Need for a JavaScript/ecma262 ToInt32 algorithm explanation

Question

I'm trying to understand how JS engines convert a JS Number (Float64) to a 32-bit signed integer. I read that one can quickly convert a 64 bit float to a 32 bit signed integer with the bitwise OR like:

-8589934590 | 0 // which gives 2

I can't understand where does the 2 come from. According to the spec, the ToInt32 algorithm does this (the bold text is mine, not the spec's):

1. Let number be ? ToNumber(argument): -8589934590 is already a Number
2. If number is NaN, +0, -0, +∞, or -∞, return +0.: No
3. Let int be the Number value that is the same sign as number and whose magnitude is floor(abs(number)): -8589934590 is already an integer
4. Let int32bit be int modulo 2³² Since 2³² is positive the result should also be positive. In JS the remainder operator uses the sign of the left operand, so to get a modulo in this case (where -8589934590 is negative), we negate it: let int32bit = 8589934590 % 2**32 // 4294967294 which has 32 bit length 0b11111111111111111111111111111110
5. If int32bit ≥ 2³¹, return int32bit - 2³²; otherwise return int32bit. int32bit is smaller 2³¹ (since it's negative), so I use int32bit which equals -2 (Even if we consider 0b11111111111111111111111111111110 an unsigned integer, then it's greater 2³¹ and int32bit - 2³² still equals -2

Could someone, please, explain, do I correctly understand the ToInt32 algorithm and the bitwise OR operator?

Answer 1

Your step 4 is wrong.

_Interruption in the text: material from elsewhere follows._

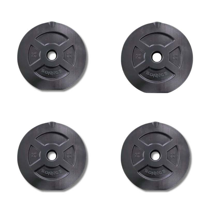 Incluye 4 discos de 5 kg y 4 discos de 2,5 kg, junto con 2 mancuernas de 40 cm con rosca y tuercas plásticas de seguridad, que permiten ajustar el peso fácilmente según tu rutina.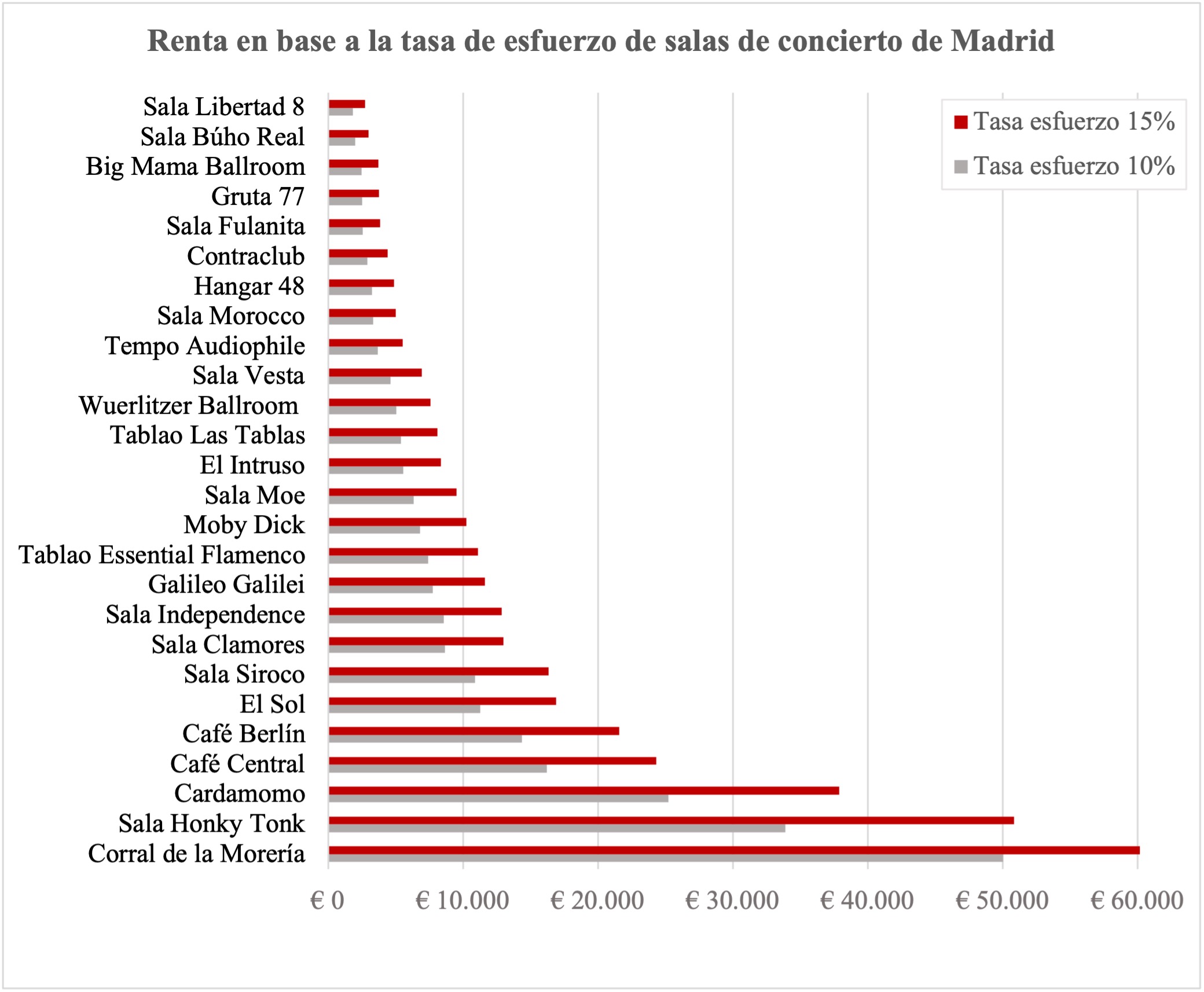 Del mercado de inversión inmobiliaria de locales y centros comerciales se extrae una métrica denominada tasa de esfuerzo que mide la proporción de ingresos destinados al pago del alquiler mensual, muy útil de cara a evaluar la viabilidad financiera de una sala de conciertos. Como regla general la tasa de esfuerzo o porcentaje de las ventas que se destinan a pagar el alquiler del local debería ser en torno al 10%, siendo el 25% el porcentaje máximo que de hecho refleja la inviabilidad del negocio. En resumidas cuentas, el alquiler del espacio no debe sobrepasar el 10-15% de la facturación de la sala.

Modulo is defined by the spec as:

The notation “x modulo y” (y must be finite and nonzero) computes a value k of the same sign as y (or zero) such that abs(k) < abs(y) and x-k = q × y for some integer q.

So -8589934590 is our x, and 2**32 is our y, from that we also know that k must be positive. If we choose q = -1 we can solve the equation to k = -4294967294. That is however not a valid solution, as k (negative) does not have the same sign as y (positive). If we choose q = -2 instead, we get k = 2.

So for negative numbers x and positive numbers y, q * y will always have to result in a smaller number than x for k to be positive. Thus if we are transforming that to positive numbers (like you did), we are looking for the larger multiple of the number not the smaller one. E.g. if we take 2 % 3, that'll return 2 (2 - 2 = 3 * 0), whereas -2 modulo 3 will return 1 (-2 -1 = 3 * -1).